→ **Provided material**
▼

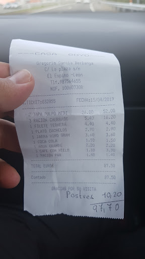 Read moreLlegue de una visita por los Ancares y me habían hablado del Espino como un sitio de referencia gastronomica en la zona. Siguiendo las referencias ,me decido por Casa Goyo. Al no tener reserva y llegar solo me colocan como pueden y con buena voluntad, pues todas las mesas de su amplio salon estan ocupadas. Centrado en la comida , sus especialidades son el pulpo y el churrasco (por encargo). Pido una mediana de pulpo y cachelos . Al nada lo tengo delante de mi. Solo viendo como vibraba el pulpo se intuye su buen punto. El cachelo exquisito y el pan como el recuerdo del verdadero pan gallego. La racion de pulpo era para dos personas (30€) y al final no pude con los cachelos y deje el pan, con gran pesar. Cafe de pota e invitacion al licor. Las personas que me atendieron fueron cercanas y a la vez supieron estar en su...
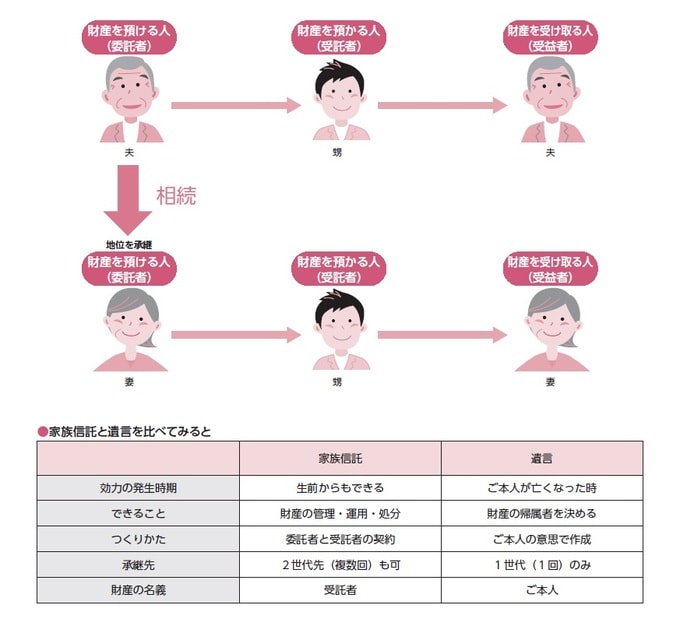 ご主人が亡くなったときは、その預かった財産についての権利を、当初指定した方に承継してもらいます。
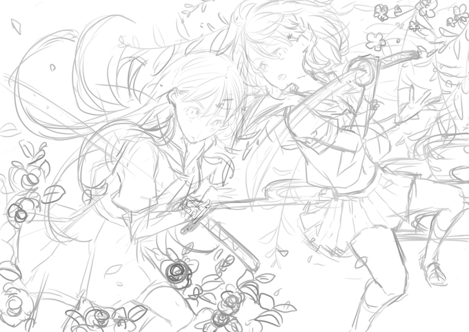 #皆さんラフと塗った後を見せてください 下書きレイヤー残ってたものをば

▲

→ **About this task**
Your job is to repeat the data exactly, leaving each picture out.

→ **Task output**
 Read moreLlegue de una visita por los Ancares y me habían hablado del Espino como un sitio de referencia gastronomica en la zona. Siguiendo las referencias ,me decido por Casa Goyo. Al no tener reserva y llegar solo me colocan como pueden y con buena voluntad, pues todas las mesas de su amplio salon estan ocupadas. Centrado en la comida , sus especialidades son el pulpo y el churrasco (por encargo). Pido una mediana de pulpo y cachelos . Al nada lo tengo delante de mi. Solo viendo como vibraba el pulpo se intuye su buen punto. El cachelo exquisito y el pan como el recuerdo del verdadero pan gallego. La racion de pulpo era para dos personas (30€) y al final no pude con los cachelos y deje el pan, con gran pesar. Cafe de pota e invitacion al licor. Las personas que me atendieron fueron cercanas y a la vez supieron estar en su...
 ご主人が亡くなったときは、その預かった財産についての権利を、当初指定した方に承継してもらいます。
 #皆さんラフと塗った後を見せてください 下書きレイヤー残ってたものをば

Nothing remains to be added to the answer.